To the editor: Michael Hiltzik addresses House Speaker Paul Ryan's (R-Wis.) "solution" for senior healthcare — namely, privatization with limited federal voucher subsidy. It's the same old Republican vision that lifting the reins on free-market competition will make things better for everyone. ("Paul Ryan is determined to gut Medicare. This time he might succeed," Nov. 23)
But don't forget that the big insurers can play ball with each other. The thing is, government programs are driven by collective conscience, while private programs are driven by the goal of making as much money as possible. Under privatization, I shudder to think about the terrible healthcare options that low-income seniors might wind up with in the affordable premium range — a box of Band-Aids and a pamphlet on pain management.
The only real way to help Medicare serve an aging population may be to raise Medicare tax rates on income in, for example, the top 25%.
Ken Hense, El Segundo
To the editor: If we revise and replace the Affordable Care Act, the provisions of the law that affect Medicare will need to be addressed.

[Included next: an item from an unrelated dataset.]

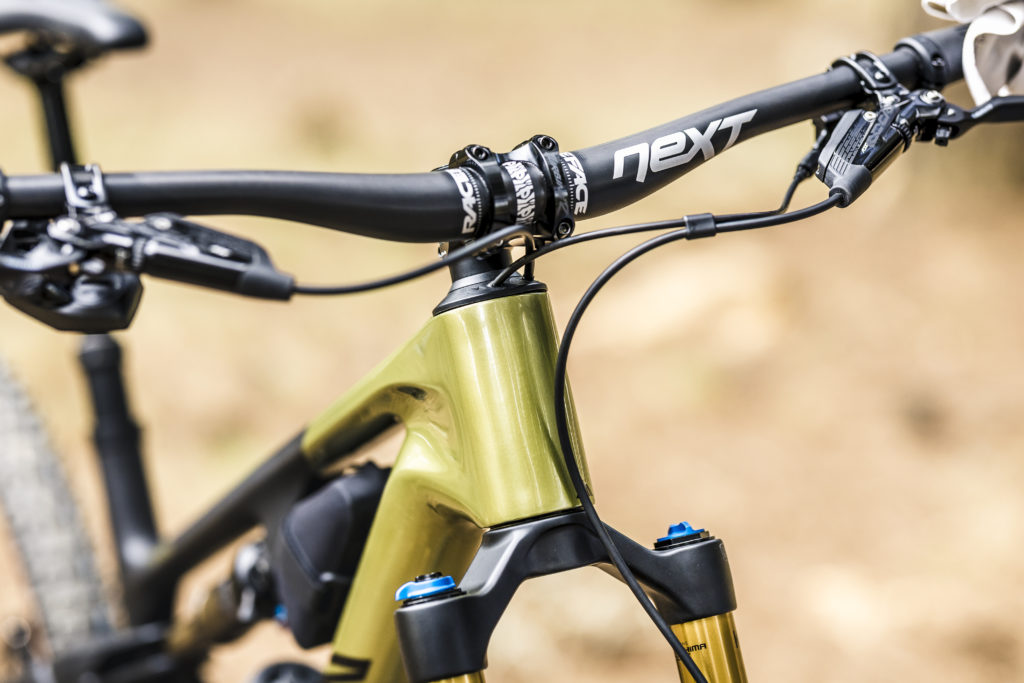 Au fur et à mesure de la sortie, quelques précieuses informations quant aux modifications apportées sur ce Neuron par rapport à la génération précédente se font entendre : le tube de selle s’est raccourci tandis que son angle est plus prononcé. Le triangle avant et le reach correspondant sont également plus longs que sur la version antérieure. Le cadre, malgré le renforcement des points de pivot, est annoncé comme plus léger et solide. Quasi devenu obligatoire à l’heure actuelle, ce nouveau Neuron dispose également d’un passage interne pour les câbles dont l’entrée se fait au travers du jeu de direction.

Contrary to Hiltzik's assertion, Medicare is going broke. It is now estimated that the hospital fund will be insolvent in 2028, two years earlier than last year's estimate.
It is also true that one-third of all enrollees in Medicare opt for Medicare Advantage. They do so to take advantage of lower costs and better healthcare. Compared with fee-for-service, Medicare Advantage enrollees experience lower rates of hospital admission and readmission and stay in the hospital for fewer days.
Hiltzik also states that the Independent Payment Advisory Board has not been created. In fact, it was created as part of the Affordable Care Act. The fact that there has not been anybody named to the board is a problem, since the Health and Human Services secretary gets to assume too much power without a board.
If our objective is to provide access to quality, affordable healthcare, expansion of Medicare Advantage programs is more likely to get us there than any single-payer plan.